There are none of this case as I remember.

bouncyball-git avatar Jul 31 '18 12:07 bouncyball-git

In pixelproc.c I tried the pragma stuff. There are some "for" left, but they have this "add_pixel_to_map" - here it is not possible I think, because it could happen at the same time twice (a kind of the second case I wrote above). Here we would need a kind of OMP-Mutex (does it exist?).

Stripes.c: it could work in stripes_apply_correction().

Patternnoise.c: there are a lot of points where it could work.

Chroma_smooth.c could also work... Let's try out!

masc4ii avatar Jul 31 '18 13:07 masc4ii

Try out https://github.com/ilia3101/MLV-App/commit/a031747d5e36a2c80946d6db3fb2d7e2a7988fb3 😊

masc4ii avatar Jul 31 '18 14:07 masc4ii

As I've tested, all been working good so far. Pattern noise sucks as always ;) (slower than even hard dual iso processing) I like the speed of forced bad pixel removal. Stripes also seem to work OK.

Thank you :)

Oh yes! CS 5x5 had good speed I think. 2x2 has barely noticeable performance impact.

bouncyball-git avatar Jul 31 '18 16:07 bouncyball-git

What exactly does pattern noise? It looks always worse than without... I really don't know why using it. Yes, CS is faster... what a shame that this does not work on Mac.

masc4ii avatar Jul 31 '18 17:07 masc4ii

If you like: take the dualiso with the pragma's and try out each single one on the reverted file. Maybe you'll find the one doing this stupid error... (but there are many pragma lines).

masc4ii avatar Jul 31 '18 17:07 masc4ii

I've been tracking down the bug which I described in this video and this brought me to the frame caching part as always :wink:. Investigating further I could not determine the exact issue yet... that multy threading rocks and sucks at the same time hahaha :smiley:

bouncyball-git avatar Aug 10 '18 06:08 bouncyball-git

What I'm doing now is opening six instances of MLV App, all loading the same session XML file. Then from the first instance I export the first 1/6th of the clips, and on the second the second 1/6th of the clips etc. Takes a bit more time to setup but saves a lot of waiting time :) Works great on Windows, because there it opens another instance by default. On MacOS it will focus on the already opened instance of MLV App.

Jip-Hop avatar Aug 12 '20 16:08 Jip-Hop

Hmmm... the "poor mans multithreading". 😄 The problem with dual iso is, that the current algorithm is 100% single threaded. We had no luck at all to change that easily.

masc4ii avatar Aug 12 '20 16:08 masc4ii

I tried with MLVFS today, which converts to dng very quickly.
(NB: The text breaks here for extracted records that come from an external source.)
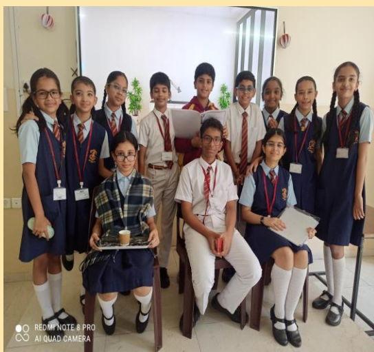
'AWARENESS ON THE ILL EFFECTS OF INCREASED SCREEN TIME' CLASS 6 C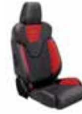
Trim colour: Race Red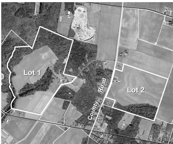
Diagram of a Non-Contiguous Division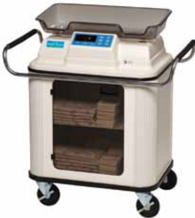
Smart Scale® Model 65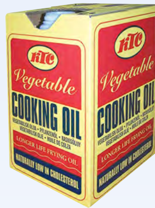
20639 KTC Vegetable Oil 20 Litres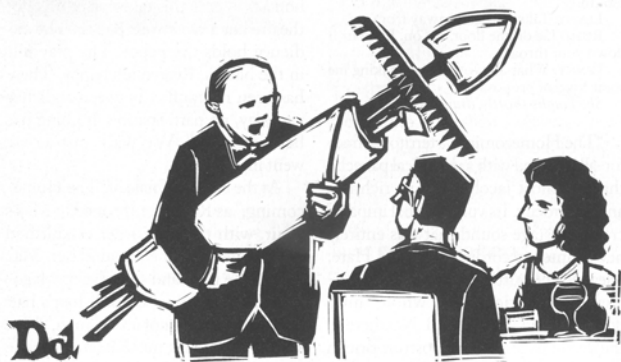
"Who had the garden salad?"

Are YOU considering making a donation to our Rotary Foundation this year ?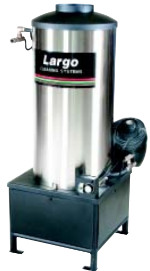
Model 98012 Shown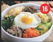
Bibimbap Rice with Fried Egg, Beef and Assorted Vegetables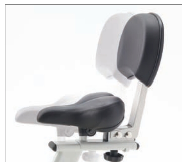
Fully adjustable seat and backrest (requires no tools) SCC100 and SCC200 have backrest

But the Dual ISO results from MLV App are much better, so I'll stick with MLV App for Dual ISO. Faster Dual ISO export from MLV App would be awesome, even if it's just a version of parallel export: "poor mans multithreading" :p On the other hand, the combination of MLVFS for non Dual ISO and MLV App for the Dual ISO clips is not too time consuming either (assuming not too many Dual ISO shots).
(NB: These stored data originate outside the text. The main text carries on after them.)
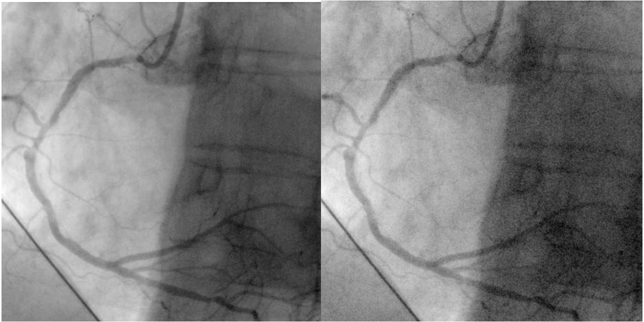
Figure 1. Single image frame from original angiogram (left) and with noise added to simulate 60% dose reduction (right).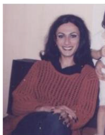
1996 December, 17 years old young T. person, Happy, always welcomed everywhere, charismatic, and smiled. Started look like later, the counter of the face starts to show.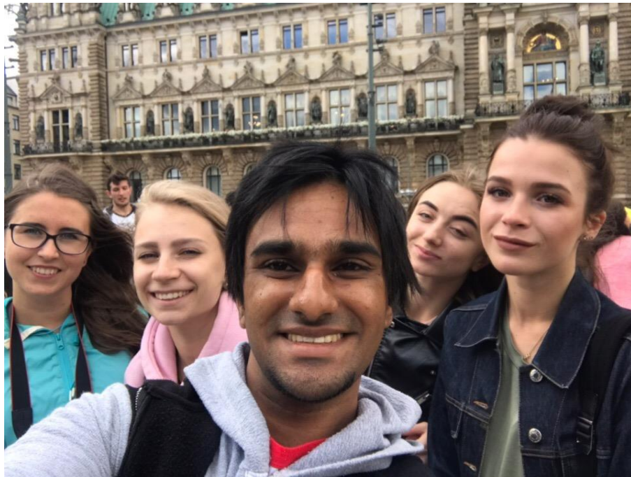
Trip to Hamburg

Jip-Hop avatar Aug 13 '20 18:08 Jip-Hop

Actually I think MLV App is so awesome, I'd love to use it as the only app to process MLV files. So I made a little Automator workflow (MacOS only) to help me with my "poor mans multithreading" 😄. It's used by selecting MLV files in the Finder, right clicking and then under Services choose "MLV App instances". It will evenly spread all the MLV files over as many MLV App instances as the computer has logical cores. For my MacBook, quad core with hyper threading, that means 8 threads and thus 8 MLV App instances. Then I have to manually start the export 8 times. Took exporting 22 MLV files down from 23 minutes to 8 minutes 🙂 As the next step I'd like to look into a post processing script to automatically apply white balance corrections to the exported DNG files with dcraw, like what @dannephoto does with his Switch app.

Screenshot 2020-08-16 at 01 10 33

MLV App instances.workflow.zip

Jip-Hop avatar Aug 16 '20 00:08 Jip-Hop